By checking your CCRIS report, you can:

 

  • See exactly what banks will see when assessing your loan application
 
  • Avoid missing out smaller commitments like credit cards
 
  • Calculate a more accurate and realistic DSR

 

You can access your CCRIS report without any cost via Bank Negara Malaysia’s eCCRIS platform.

 

✅ What is a “Good” DSR Percentage in Malaysia?

While limits vary by bank, the following table acts as a general benchmark for Malaysian borrowers. 

DSR Range Status Bank Approval Likelihood
Below 40% Excellent Very High; generally considered low risk by Malaysian banks.
40% - 60% Good High; standard for most middle-income earners.
60% - 70% Warning

Moderate; may require additional income proof.

Above 70% Critical Low; high risk of "over-gearing" rejection.

In Malaysia, most banks prefer borrowers with a DSR <60%, as this indicates that you:

 

  • 💰 Have more disposable income after paying off monthly debt obligations
 
  • 😌 Are less financially stretched
 
  • 🛟 Have better flexibility for unexpected expenses

 

Some banks may accept a higher DSR depending on their affordability assessments but as a rule of thumb: the lower your DSR, the better your loan approval chances in Malaysia.

🏦 Why DSR Matters for Loan Approval in Malaysia?

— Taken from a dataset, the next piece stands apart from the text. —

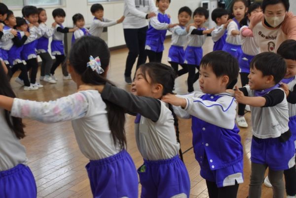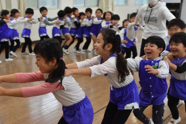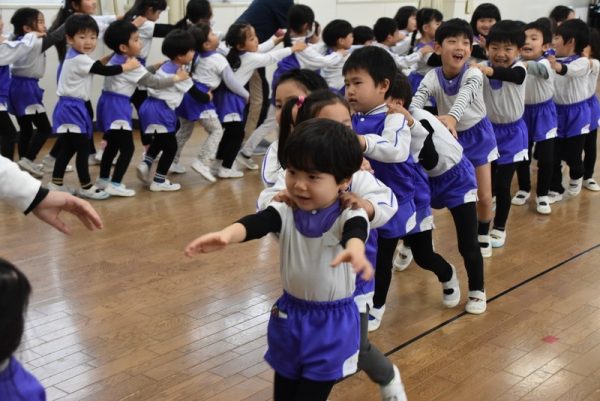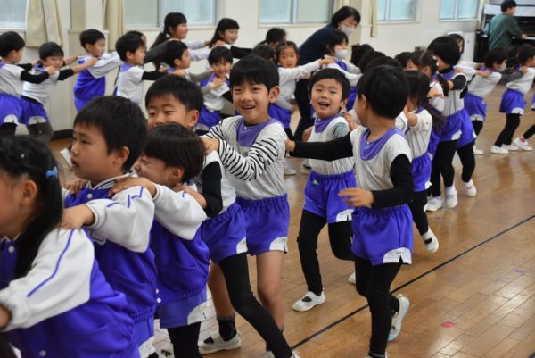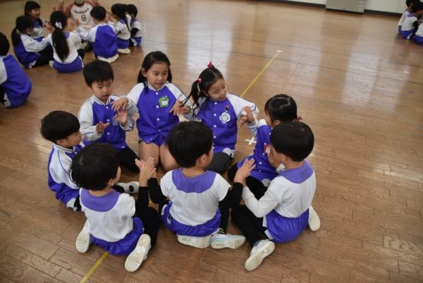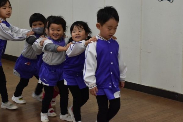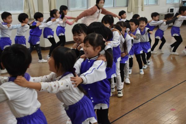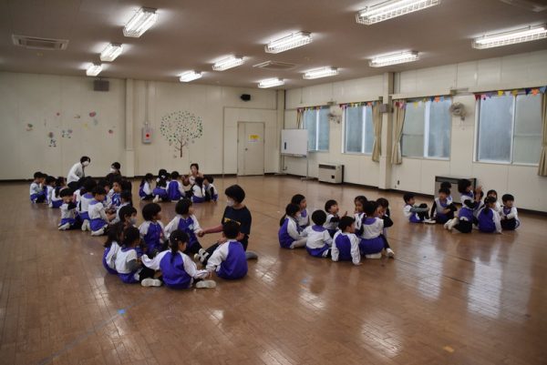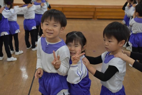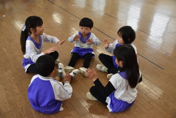 他の学年のお友だちと一緒に、ホールに集まり、ほかの学年の子たちと一緒にふれあい遊びを楽しみましたよ。

DSR is one of the most important indicators banks use to assess risk.

 

Here is why it matters:

 

  • 📊 Affordability: Banks gauge whether your income can support a new monthly repayment
 
  • ⚠️ Risk Mitigation: A high DSR signals potential repayment strain, leading to rejection
 
  • 👍 Financial Health: A low DSR suggests better money management and healthier cash flow.

 

Keeping your DSR healthy also gives you breathing room for everyday life expenses, whether it is emergency repairs, medical bills or the occasional spontaneous sushi nights.

📝 How to Improve Your DSR Before Applying for a Loan

If your DSR is too high, use these four practical strategies to improve it:

 

1. Pay Down High-Cost Debts First 💳

 

Settle credit cards and personal loans to reduce monthly obligations.

 

2. Avoid New Commitments 🚫

 

Hold off on BNPL (Buy Now Pay Later) or new car installments for 3 – 6 months before a major loan application.

 

3. Build Positive Saving Habits 💰

 

While they don’t lower DSR directly, they demonstrate cash flow stability. 

 

4. Increase Declared Income 📈

 

Include stable allowances or side-income to improve the “denominator” in the DSR formula. 

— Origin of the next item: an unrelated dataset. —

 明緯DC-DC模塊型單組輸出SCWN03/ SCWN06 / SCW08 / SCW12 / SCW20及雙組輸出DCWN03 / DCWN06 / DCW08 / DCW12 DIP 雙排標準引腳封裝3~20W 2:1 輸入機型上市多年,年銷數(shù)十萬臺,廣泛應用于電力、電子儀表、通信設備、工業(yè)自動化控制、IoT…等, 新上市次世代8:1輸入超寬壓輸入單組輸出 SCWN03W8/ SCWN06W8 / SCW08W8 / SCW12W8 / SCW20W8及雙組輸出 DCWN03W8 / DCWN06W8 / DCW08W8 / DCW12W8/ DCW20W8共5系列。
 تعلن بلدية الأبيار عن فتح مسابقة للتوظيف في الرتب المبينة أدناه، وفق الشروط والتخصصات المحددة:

Final Thoughts: Think of DSR as Your Financial Health Check

Your DSR is like your financial health indicator. Calculate it using your real monthly obligations before saying “yes” to any long-term debt.

 

Understanding this number early helps you avoid unnecessary rejections and prepare you for bigger financial milestones with confidence 🚀.

 

 

This article is for informational purposes only and CIMB does not make any representation and warranty as to the accuracy, completeness and fairness of any information contained in this article. As this article is general in nature, it is not intended to address the circumstances of any particular individual or entity. You are advised to consult a financial advisor or investment professional before making any decisions based on the information contained in this article. CIMB assumes no liability for any consequences arising from your reliance on the information presented here.